Dangerous Passage
Page 18
“We will need to see her INS documentation and talk to your husband as well.”
“He’s on a flight back to Atlanta later this evening. He’ll be able to provide you with what you need.”
“I assume she lives here with you.”
“Yes.”
“Do you mind if we look at her room before we leave?”
“I . . .” Mrs. Chu glanced toward the staircase. “Like I said, my husband will be able to provide you with what you need when he returns.”
Avery bit back a heated response. If they needed to, she’d come back with a search warrant. “I just have one last question before we go, Mrs. Chu. Does Malaya have a tattoo?”

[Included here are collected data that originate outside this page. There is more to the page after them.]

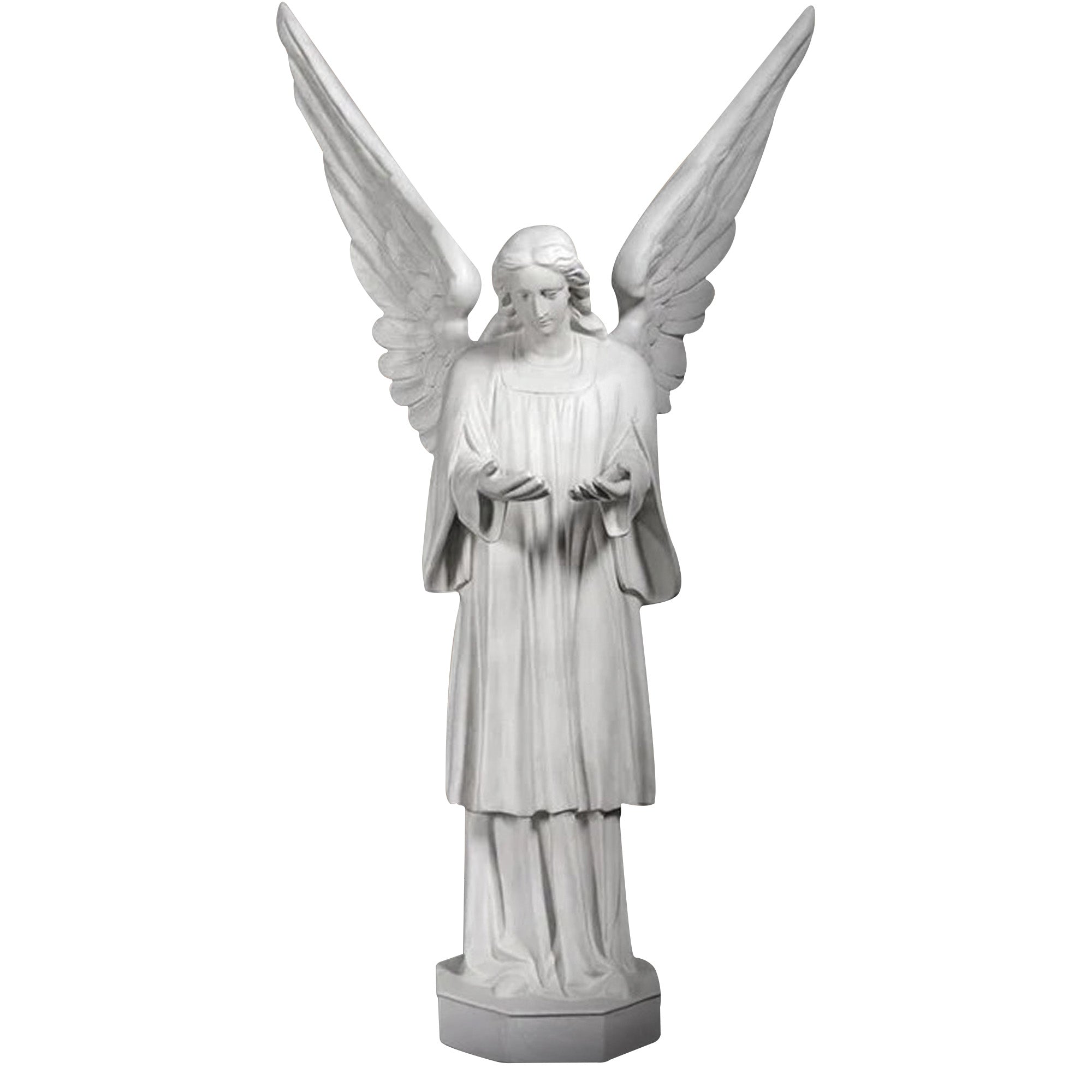 This Life-Size Cathedral Angel Marble Sculpture radiates a profound sense of peace and guardianship, ideal for spaces that seek a touch of the divine. Standing with outstretched hands, this angel statue is a symbol of welcoming grace, invoking comfort and spiritual connection. The lifelike details of the wings, robes, and serene expression reflect exquisite craftsmanship, while the polished white marble gives the statue a radiant presence. Perfect for enhancing the sacred atmosphere of cathedrals, memorial gardens, or private sanctuaries, this angel statue serves as a lasting emblem of protection and peace.
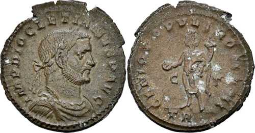 IMPDIOCLETIANVSPAVG [IMP DIOCLETIAVNS P AVG]; bust r., laur., dr., cuir. [D].
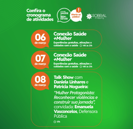 A partir desta sexta-feira (6), o Sobral Shopping entra no clima das comemorações pelo Dia Internacional da Mulher com a realização do evento Conexão Saúde, voltado para o cuidado com o corpo e a mente.
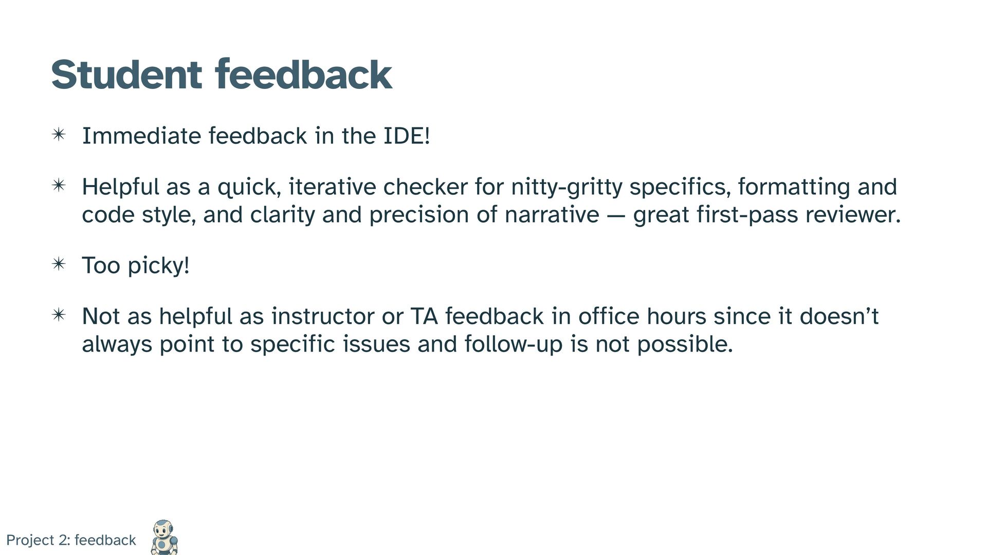 IDE! ✴ Helpful as a quick, iterative checker for nitty-gritty specifics, formatting and code style, and clarity and precision of narrative — great first-pass reviewer. ✴ Too picky! ✴ Not as helpful as instructor or TA feedback in office hours since it doesn’t always point to specific issues and follow-up is not possible.
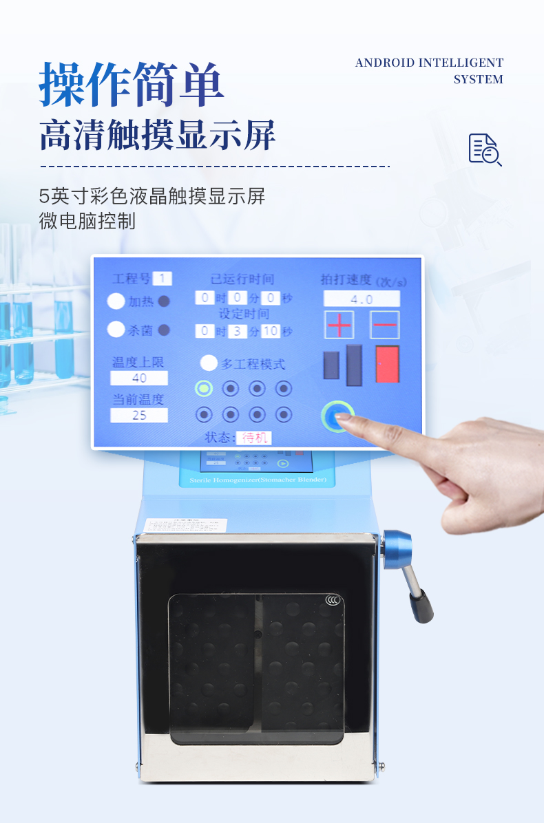 ●5英寸液晶顯示屏。    ●可儲存三組工作程序。    ●可調(diào)整的均質(zhì)時間。    ●均質(zhì)速度可調(diào)節(jié)或固定。    ●拍擊器可調(diào)整前后距離。    ●無菌一次性濾袋,保證衛(wèi)生。    ●全開啟式門,易于清洗。    ●玻璃透明窗口易于觀察 。    ●樣品與均質(zhì)儀無接觸,如無樣品泄露則不需進行系統(tǒng)清洗.    ●均質(zhì)柔和、樣品零污染、無損傷、不升溫、不需要滅菌處理,不需洗刷器皿。
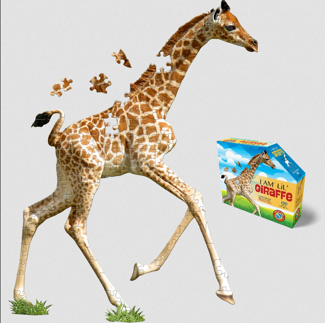 Ενα μοναδικό παζλ σε σχήμα καμηλοπάρδαλης! Όταν ολοκληρωθεί το παζλ έχει μέγεθος αφίσας και τα κομμάτια είναι αρκετά μεγάλα για εύκολο χειρισμό. Κάθε παζλ συνοδεύεται από ένα διασκεδαστικό ένθετο, καθώς και την εικόνα του ζώου ως αναφορά. Τεμάχια: 100
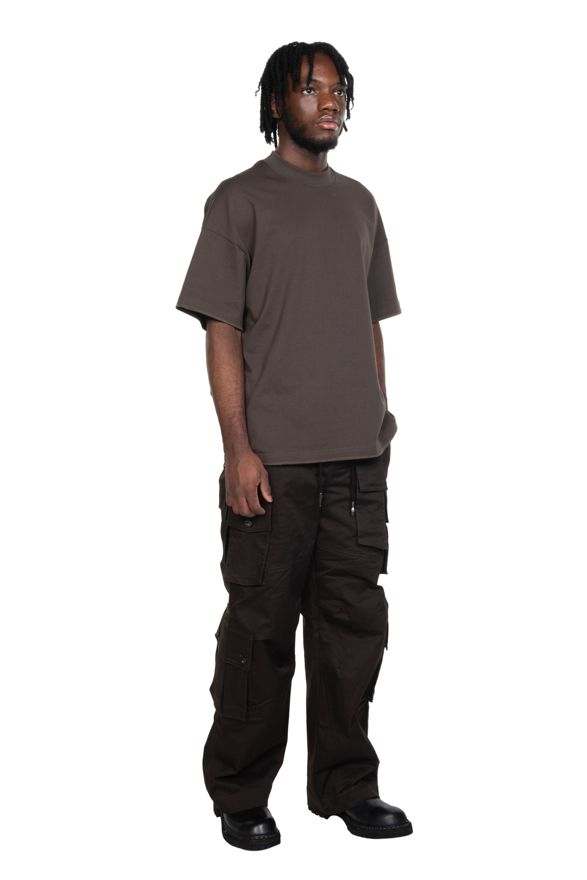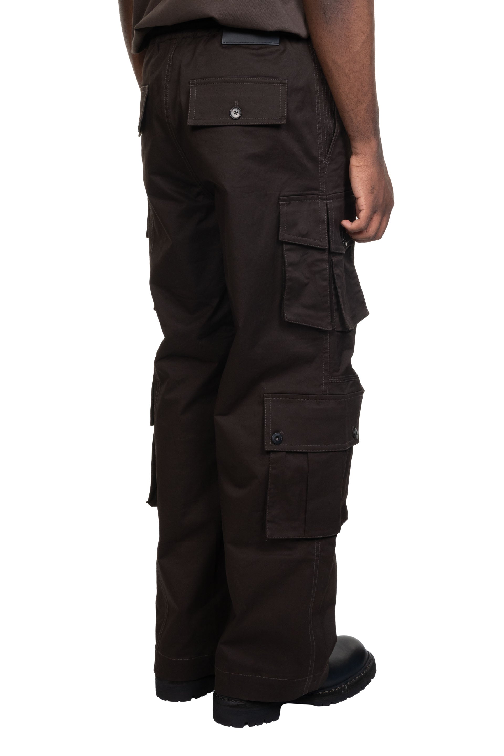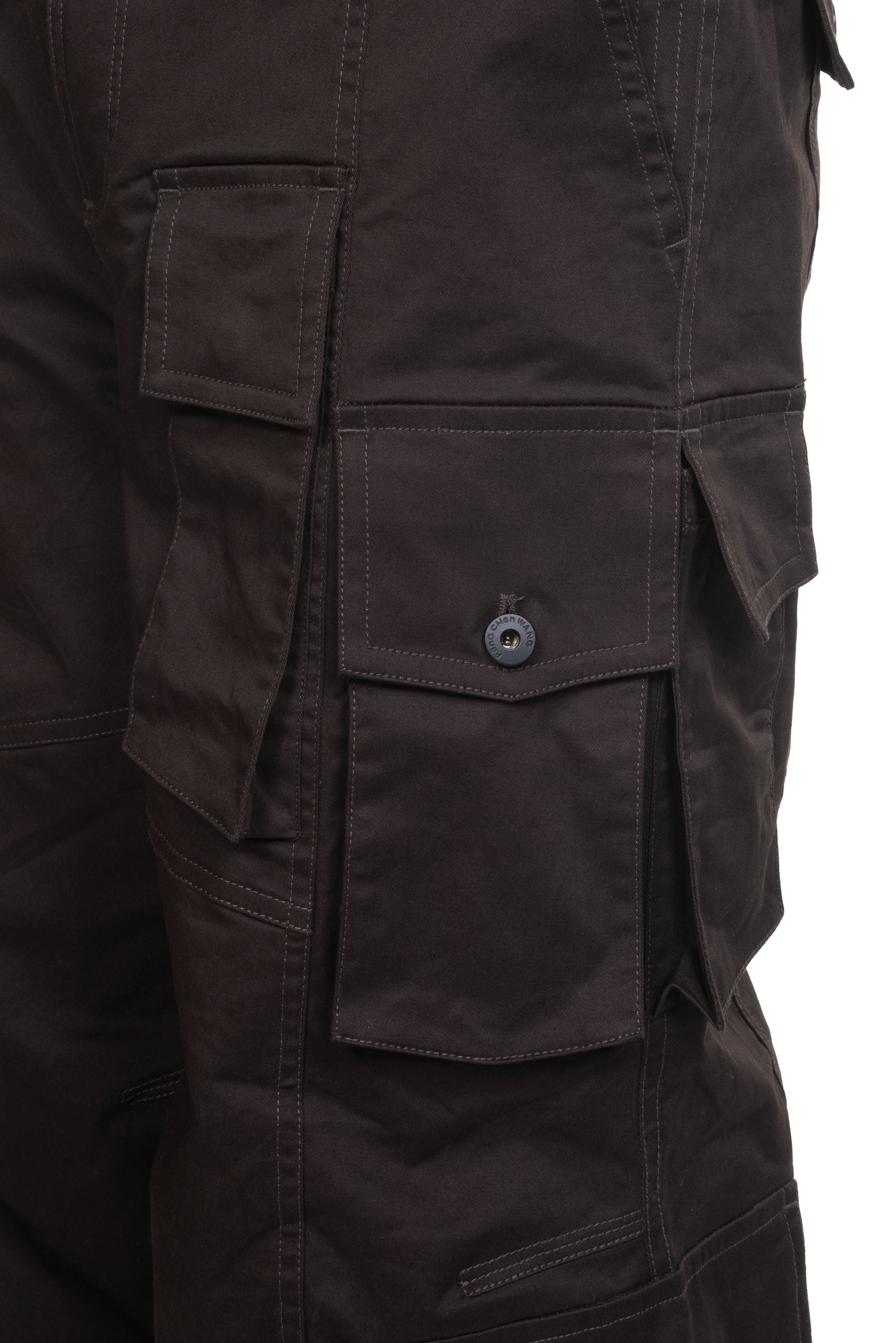 Button closure at waist. Drawstrings closure at waist. Two side pockets. 3D cargo pockets throughout.

“Yes, on her shoulder. Some kind of white flower.”
A magnolia.
Avery stood and started for the door beside Tory. “If we have further questions, we will be in touch with you. And in the meantime, I would file a missing persons report with the police station.”
A minute later, Avery and Tory stepped out of the air-conditioning and back into the humid Georgia air. “So what do you think?”
“That she’s more concerned about how her husband will react than the well-being of a young girl.”
Avery sensed Tory was right, there was an ugly picture beginning to emerge. “She doesn’t want us to look at Malaya’s room or documents, doesn’t have contact info for any of her friends, no English or phone use . . .”
“Just like Tala. Which means we’re probably looking at more than a serial killer case.”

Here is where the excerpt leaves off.